Problem
Output range, inclusive: from the line containing "IDEAL RESIDENCE SECONDAIRE" to the line containing "구글계정 검색기록 삭제". Restate those lines from the data below word for word and only those.

Data in this exercise
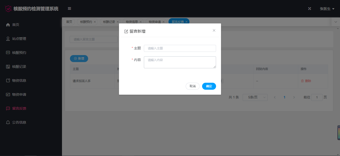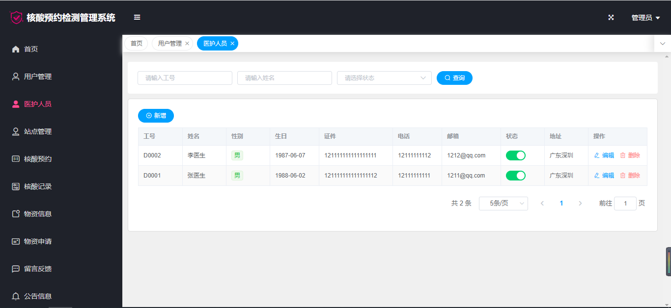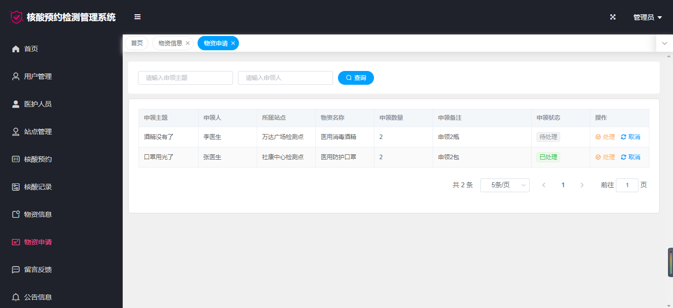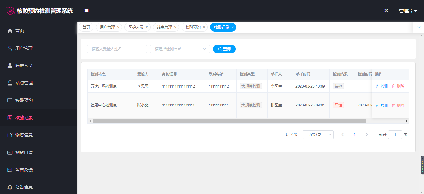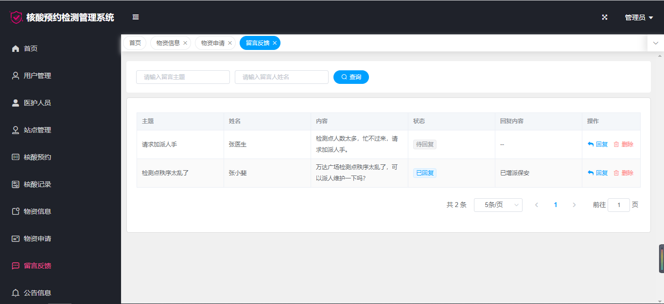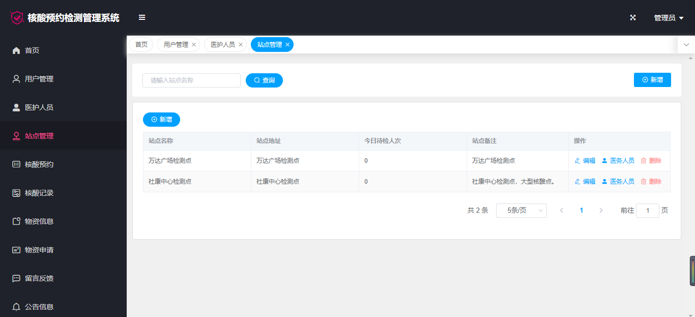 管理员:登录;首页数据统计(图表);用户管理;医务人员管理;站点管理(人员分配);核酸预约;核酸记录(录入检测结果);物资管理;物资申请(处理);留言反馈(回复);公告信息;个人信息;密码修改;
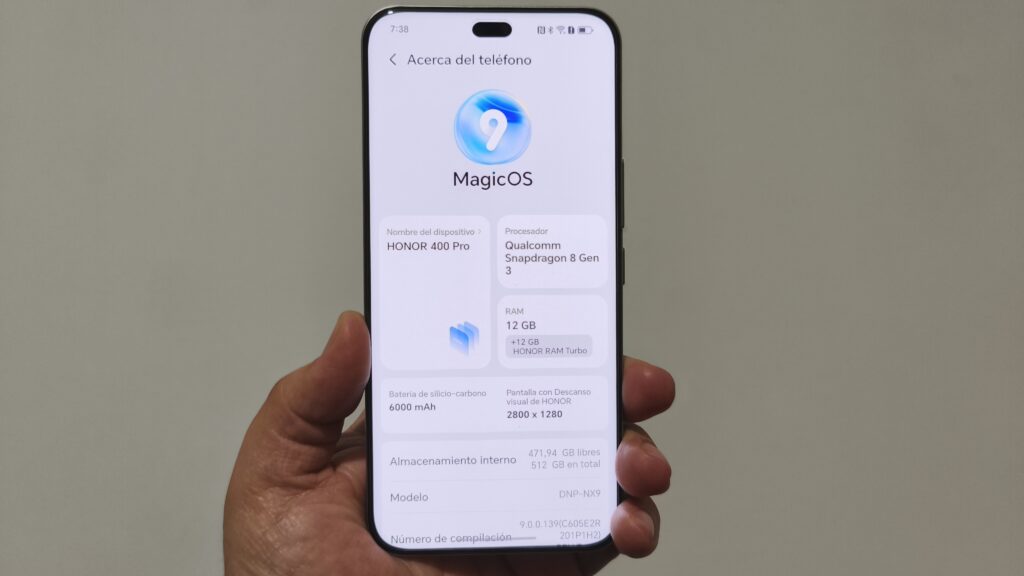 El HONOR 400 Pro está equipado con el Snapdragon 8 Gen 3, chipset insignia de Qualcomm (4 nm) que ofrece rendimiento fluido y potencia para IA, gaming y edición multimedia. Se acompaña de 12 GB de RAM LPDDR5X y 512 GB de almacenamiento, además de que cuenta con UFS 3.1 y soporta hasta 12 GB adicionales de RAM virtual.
...
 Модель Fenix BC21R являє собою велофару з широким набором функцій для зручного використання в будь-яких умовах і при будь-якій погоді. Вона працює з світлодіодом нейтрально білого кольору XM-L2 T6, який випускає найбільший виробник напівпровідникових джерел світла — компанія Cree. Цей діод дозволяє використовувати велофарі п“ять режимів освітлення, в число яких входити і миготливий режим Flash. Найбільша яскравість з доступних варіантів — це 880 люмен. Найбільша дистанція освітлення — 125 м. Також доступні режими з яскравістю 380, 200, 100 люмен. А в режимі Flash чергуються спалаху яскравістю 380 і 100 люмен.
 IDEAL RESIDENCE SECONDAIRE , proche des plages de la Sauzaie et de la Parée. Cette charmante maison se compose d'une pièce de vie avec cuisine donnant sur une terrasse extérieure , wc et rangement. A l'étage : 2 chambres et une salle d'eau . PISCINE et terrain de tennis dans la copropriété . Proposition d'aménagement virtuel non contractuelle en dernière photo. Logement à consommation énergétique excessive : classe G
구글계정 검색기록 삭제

Written response
 IDEAL RESIDENCE SECONDAIRE , proche des plages de la Sauzaie et de la Parée. Cette charmante maison se compose d'une pièce de vie avec cuisine donnant sur une terrasse extérieure , wc et rangement. A l'étage : 2 chambres et une salle d'eau . PISCINE et terrain de tennis dans la copropriété . Proposition d'aménagement virtuel non contractuelle en dernière photo. Logement à consommation énergétique excessive : classe G
구글계정 검색기록 삭제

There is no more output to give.